# Jarrylo



## indica86 (22/7/14)

Description 



































*Nomenclature:* The Russian pronunciation is Yar-i-lo with the emphasis on the letter I.

Jarryło is the god of fertility, heralding spring. The presented was as a barefoot young man (or more rarely a girl), in a white robe, a white horse, with a wreath on his head. attributes of deity are based or sheaf of grain in one hand and in the other a human head.

*Style:* Dual purpose

*Aroma: *Pear, orange, spicy, fruity
*Alpha: *15- 17 %
*Beta-* 7.37
*Co-Hum:* 35.41
*Co-Lup:* 59.63


----------



## indica86 (22/7/14)

Brewing with this now, I will report back with thoughts when I drink it.


----------



## Lord Raja Goomba I (22/7/14)

Good work, can't wait to hear how it went.


----------



## sp0rk (22/7/14)

What style is it going into?


----------



## indica86 (22/7/14)

I have made a simple Aussie Pale so I can get a good feel for the hop. Late additions only as it has high cohumulone content and this can lead to harsh bitterness (apparently).


----------



## fletcher (23/7/14)

very keen to hear how this turns out. just saw your pale ale. looks good.


----------



## indica86 (30/7/14)

Fermentation has finished, chucked in 25g dry hop.


----------



## indica86 (17/8/14)

Wife can smell the pear and orange, says it tastes like grapefruit.
I get not a lot of aroma, and a spicy citrusy finish. Early days yet.


----------



## indica86 (18/8/14)

Definite after taste with orange in it.


----------



## indica86 (10/2/15)

Thanks to Yob I have more of this coming.
Yay! Big dirty stinking IPA time...

yum! Pear IPA \o/


----------



## Yob (10/2/15)

man, I smelled this for the first time the other day and I dont know why I havnt been into this before..

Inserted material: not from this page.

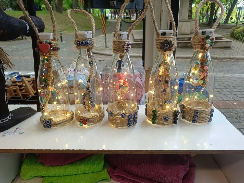Boncuk ve iplerle süslenmiş, içinde sıcak LED ışıklar bulunan bohem tarzı el yapımı cam şişeler. Ortam dekorasyonu için uygun.
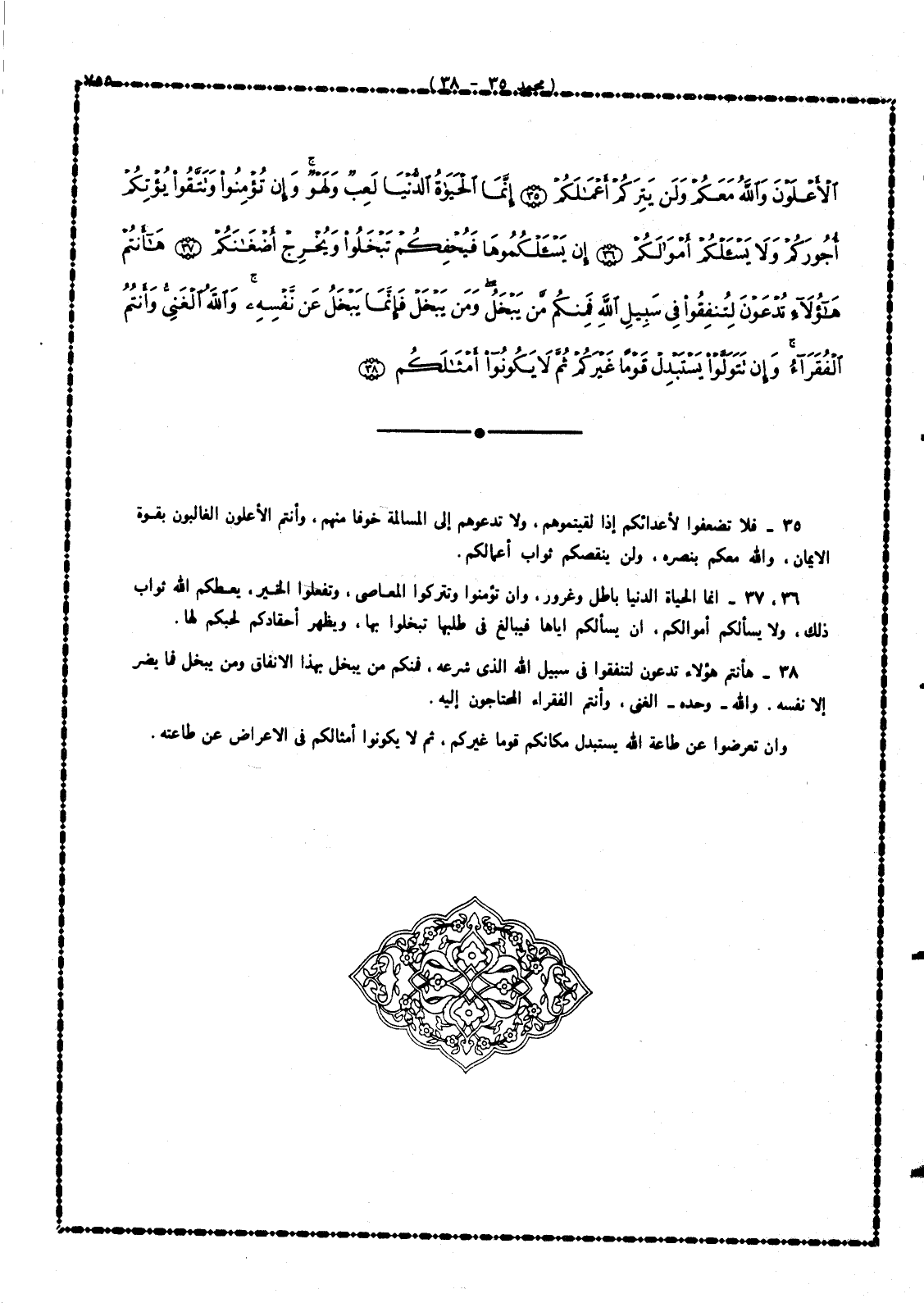 36 -، 37 - إنما الحياة الدنيا باطل وغرور، وإن تؤمنوا وتتركوا المعاصى وتفعلوا الخير يُعْطكم الله ثواب ذلك، ولا يسألكم أموالكم، إن يسألكم إيَّاها فيبالغ فى طلبها تبخلوا بها، ويظهر أحقادكم لحبكم لها.

smells like simcoe... but with a whole pack of cats, Ive not read a whole lot on it, but I suspect it'd be easy to go over the line with it as a late/dry hop.. happy to read different, but dayuum, strong smell.. more on the way..

the way the year is shaping up, its going to be a good year to experiment with varieties like these.


----------



## mofox1 (10/2/15)

Aaaaand... any chance of this appearing as a feature in a certain retail thread?


----------



## Yob (17/2/15)

mofox1 said:


> Aaaaand... any chance of this appearing as a feature in a certain retail thread?


you wanna swap for some rye?


----------



## mofox1 (17/2/15)

I'd say I could be swayed... I'll pm ya.


----------



## mofox1 (9/4/15)

^This went into a pale ale that had centennial & amarillo as kettle/cube additions, and citra dry hopped.

I made two cubes, one with added jarrylo and one with chinook. The Jarrylo is by far the winner - it's meant to add banana/pear/orange/spicy. Okay, there is pear, maybe slight spice.... but I get MASSIVE apricot flavours compared to the chinook cube. Plays very well with citra :icon_drool2:. This keg is going to last all of two days....

If you can get this hop, then Get. This. Hop. Now.


----------